Is there a difference between homesteaders and back-to-the-landers? Yes. How about the survivalists or the self-sufficiency types? Yes.

Does one have a bad connotation attached to it that I am unaware of? Maybe.

Its all a matter of perspective.
It is real easy for a person to survive, what makes that survival a challenge is those who think that they must interfere with living.


----------



## JeepHammer

I've been called a 'Nut Bag' and much worse more times than I can count...
BUT,
I'm striving for a 'Sustainable Living' life (style?)...

I don't care how much energy one sucks down, as long as they make it themselves and don't cause 'Carbon Emissions' or other environmental hazards like Nuclear Waste Products.

8 Years ago, I installed solar panels, and everyone I knew gave me a hard time because I spent money on them...
The payback was supposed to be 19.8 years with energy costs 8 years ago.

Energy costs have gone up over 120% here, so now my small solar array has paid for it's self in less than 9 years, and is actually cutting my energy costs as I sit here typing this message...

I 'INVESTED' $2,500 in my system 8, almost 9 years ago with a 20 year 'Payback', and since the energy rates have increased 120% in those 8 years, it's paid for it's self much faster!

My friends 'Spent' the same $2,500 on vacations, down payments on new cars or buying new lawnmowers, ect...
All that is gone now so there wasn't ANY 'PAYBACK' at all!

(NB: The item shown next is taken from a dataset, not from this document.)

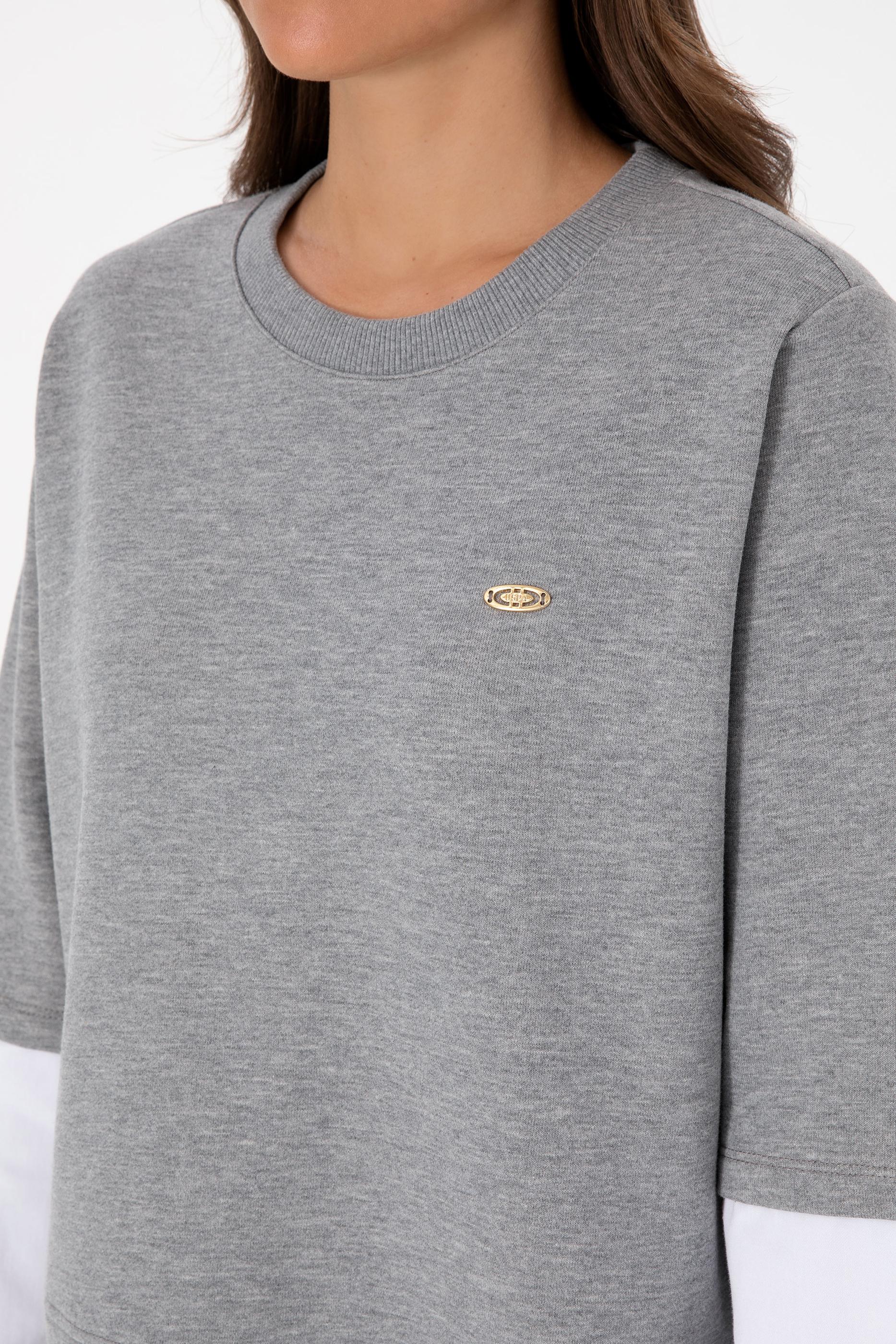 Kadın Gri Melanj Gömlek Detaylı Bisiklet Yaka Sweatshirt
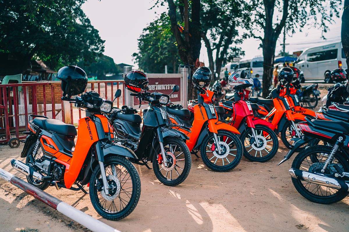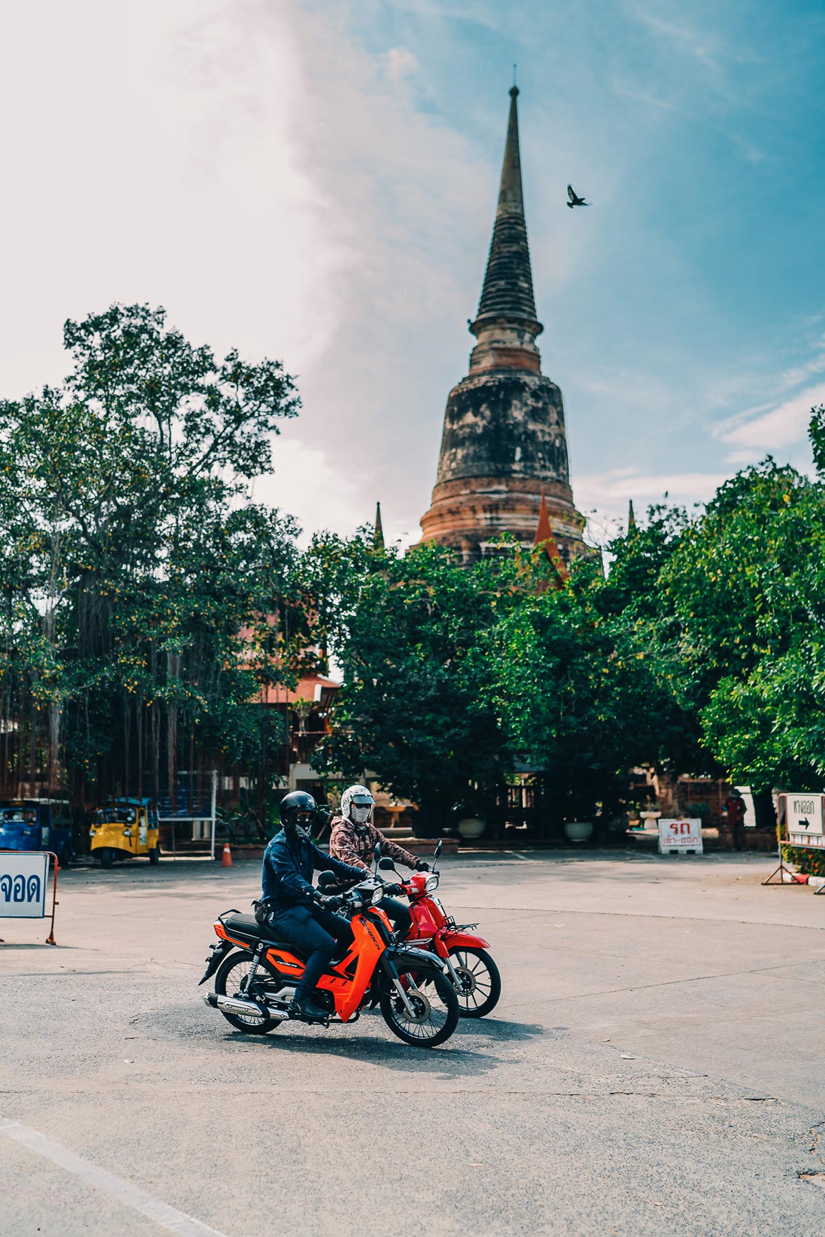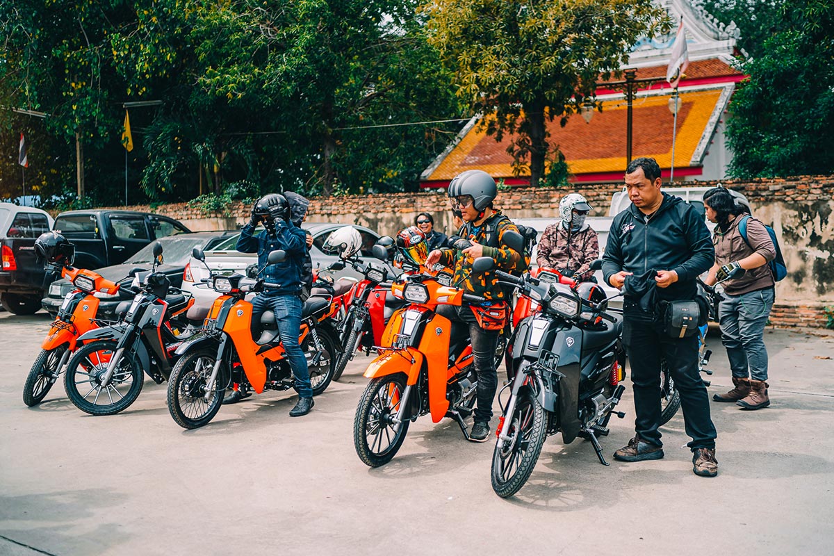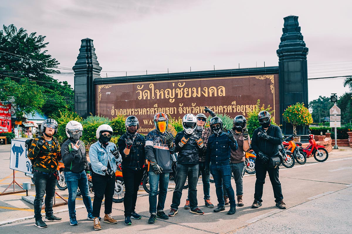 ทริปนี้สตาร์ทจาก หจก.หิรัญมอเตอร์ อยุธยาซึ่งมี GPXROCK ทั้ง 3 รุ่น เรียงแถวมา 10 คันให้เลือกขี่ตามต้องการ ซึ่งผมเลือกประเดิมด้วยรุ่น SPORTสีส้ม สัมผัสแรกก็รู้เลยว่า ช่วงรถกระชับ เบา คอนโทรลง่าย เครื่อง 109 ซีซี. 4 เกียร์ ระบบหัวฉีด GPX Fi สตาร์ทติดง่ายดาย ช่วงเกียร์ 1-2 เครื่องยนต์ให้แรงบิดที่ตอบสนองดีทีเดียว จากนั้นขบวนก็ออกเดินทางไปสู่จุดหมายแรก ที่ “วัดใหญ่ชัยมงคล” ซึ่งผมก็อาศัยช่วงเวลานี้ค่อยๆทำความเข้าใจกับตัวรถ พร้อมกับเก็บบรรยากาศของวัดใหญ่ชัยมงคลที่มีประวัติว่าสมเด็จพระนเรศวร ได้ทรงบูรณะและให้สร้างเจดีย์สูงที่สุดในอยุธยาเพื่อฉลองชัยชนะต่อพม่า

My modest 4 panel array supplies enough energy to power my house on normal days...
It WILL NOT power the Central Air Conditioner, And it will NOT power the 220V cloths dryer.

The 4 panel array generates enough energy to sell back to the power company that my bill is usually '$0.00 Due'.

We have made some concessions...
My house is modest, a 1951 built stick frame house with full basement, and we had to do insulation in the walls (didn't have ANY) and we insulated the attic (had about 2" in SOME places)

We rewired the house, and then went with expanding foam insulation in the walls.
It has a built in fungus killer, insecticide, pesticide, it's a moisture barrier and wind barrier all in one pass...
So if someone tells you that expanding foam isn't worth the extra money, Just smile and nod, especially if you have an older home that doesn't have moisture or wind barriers!
You just wouldn't believe the difference that insulation and new doors/windows made in this place!

We converted over to compact florescent bulbs throughout. That actually dropped the electric bill by half some months when we weren't using the air conditioner.

We paid attention to appliance energy ratings when we got them. Especially the central AC! 
We had two window AC units when we bought the place, and going to a high efficiency central AC cut the cooling bill by more than half, and we have the ENTIRE house cool!

Now we usually pay Zero for electricity, but we cook with gas and heat with gas... I'm working on that bill, but we don't have the chimney for a wood burner... Yet...

When the hot water heater went south, we replaced it with a wall hanging, tank-less unit. That helped on the gas bill a lot!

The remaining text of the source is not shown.